Department of Radiology, Medical University of Vienna, Waehringer Guertel 18-20, A-1090 Vienna, Austria.
Radiology. 2010 May;255(2):553-62. doi: 10.1148/radiol.10091096. Epub 2010 Mar 23.
To retrospectively assess the rate of detection of skull fractures at cranial computed tomography (CT) achieved with the use of curved maximum intensity projections (MIPs) compared with that achieved by reading transverse sections only.

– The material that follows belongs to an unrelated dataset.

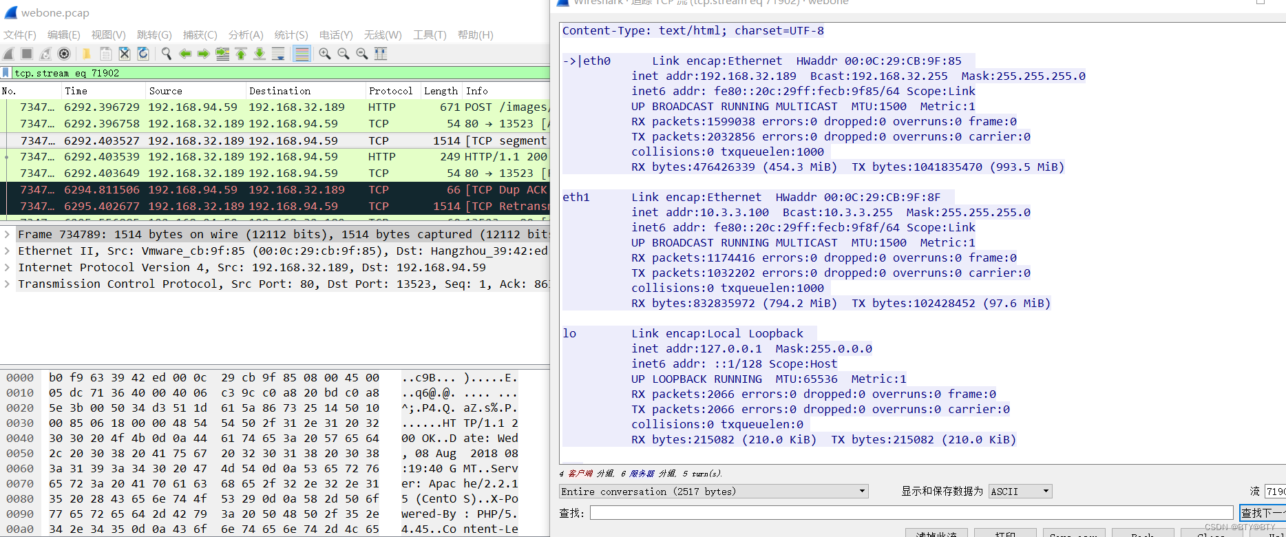 某公司内网网络被黑客渗透,请分析流量,被黑客攻击的web服务器,网卡配置是是什么,提交网卡内网ip?

The institutional review board approved this research and waived informed consent. A curved thin (3-mm) MIP of the skull cap and a curved thick (50-mm) MIP of the skull base were obtained from the cranial CT data in 200 consecutive patients with head trauma. Four radiologists (two residents without experience in cranial CT and two consultants) independently evaluated all cases. Each radiologist reported findings in 100 patients by using transverse sections only and findings in the other 100 patients by using the unfolded view. The radiologists were blinded to patient names, and patient and group orders were randomized. The results were compared with a standard of reference established by two experts from all prior reading results, all reconstructions, and high-spatial-resolution multiplanar reformats. Logistic regression with repeated measurements was used for statistical analysis.

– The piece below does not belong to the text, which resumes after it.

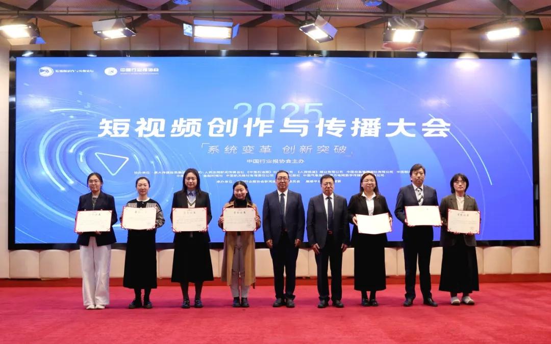 《人民鐵道》報(bào)業(yè)有限公司黨委書記、董事長(zhǎng)譚小建(右四),《中國石油報(bào)》社有限公司總經(jīng)理、黨委副書記耿玉鋒(左四)向2025行業(yè)媒體短視頻大賽二等獎(jiǎng)獲獎(jiǎng)代表頒發(fā)證書。董芳忠/攝
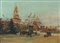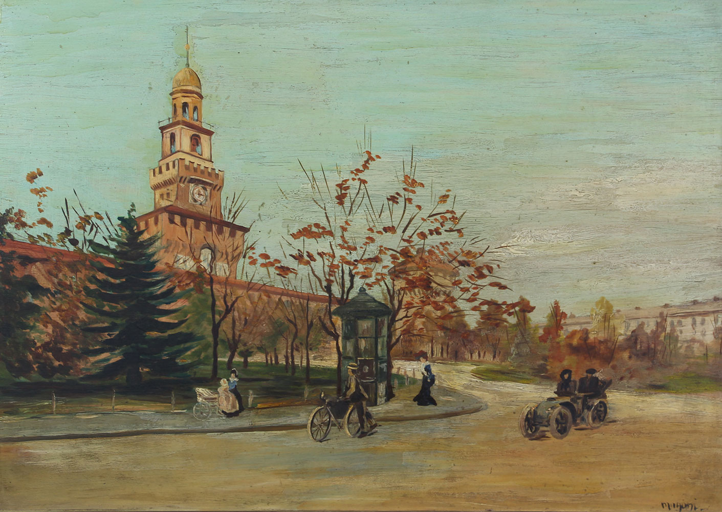 Anonimo Scena urbana olio su masonite, cm. 50x70 firma non decifrata in basso a destra

The experts found 63 fractures in 30 patients. When transverse sections only were used, the mean patient-based fracture detection rate was 43% (13 of 30) for inexperienced and 70% (21 of 30) for experienced readers; with curved MIPs, the rates were 80% (24 of 30) and 87% (26 of 30), respectively. Overall sensitivity was higher with curved MIPs (P < .001); specificity was higher with transverse sections (P < .001).

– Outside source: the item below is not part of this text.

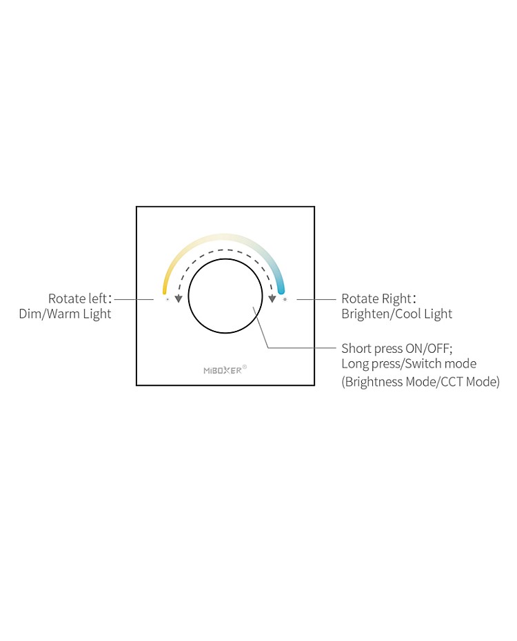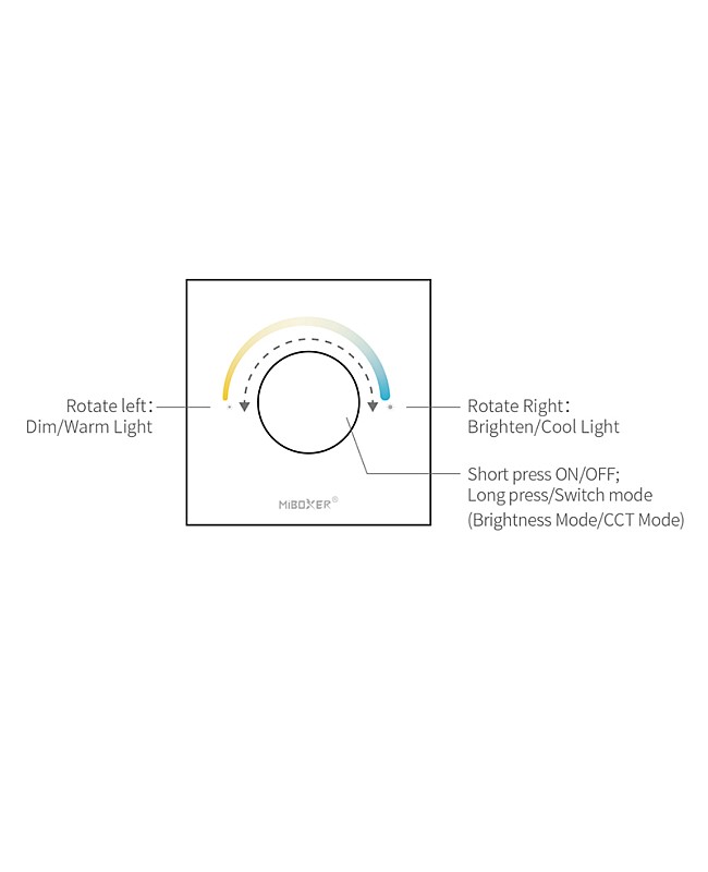 The MiBoxer P0 CCT Panel Controllers are designed for single-color and Tunable White LED Strip Lights, which allow you to adjust the brightness or color temperature for various scenes. The panel controller features a rotating switch, allowing you to adjust the brightness or color temperature steplessly by rotating it. With 4096 levels of smooth dim, the minimum brightness can reach 0.1%. It utilizes 2.4G wireless and remote control technology, ensuring efficient transmission, strong stability, and resistance to interference. They can be widely used in intelligent lighting control for commercial, hotel, and home lighting. The P0 Controller can pair with up to 12 remote controllers and has a control distance of up to 30 meters. The CCT Panel will auto-forward the signal directly to other ones, which makes the remote control distance infinite.

Curved MIPs enable a significantly higher fracture detection rate than transverse sections. They also considerably close the experience gap in fracture detection rate between residents and experts.
回顾性评估使用曲面最大密度投影(MIP)检测颅骨 CT 颅骨骨折的检出率与仅阅读横断面相比的差异。
本研究经机构审查委员会批准,并豁免了知情同意。从 200 例颅脑外伤患者的颅脑 CT 数据中获得颅骨帽状曲面薄(3mm)MIP 和颅底曲面厚(50mm)MIP。4 名放射科医生(2 名无颅脑 CT 经验的住院医生和 2 名顾问)独立评估所有病例。每位放射科医生仅通过横断面报告 100 例患者的检查结果,通过展开视图报告另外 100 例患者的检查结果。放射科医生对患者姓名、患者和组别的顺序均不知情,且患者和组别的顺序是随机的。将结果与由两位专家根据所有先前的阅读结果、所有重建和高空间分辨率多平面重建确定的标准进行比较。采用重复测量的逻辑回归进行统计分析。
专家在 30 名患者中发现 63 处骨折。仅使用横断面时,无经验的读者基于患者的骨折检出率平均为 43%(30 例中的 13 例),有经验的读者为 70%(30 例中的 21 例);使用曲面 MIP 时,检出率分别为 80%(30 例中的 24 例)和 87%(30 例中的 26 例)。曲面 MIP 的总体敏感性更高(P<.001);特异性以横断面更高(P<.001)。
曲面 MIP 能显著提高骨折检出率,并且在骨折检出率方面,明显缩小了住院医生和专家之间的经验差距。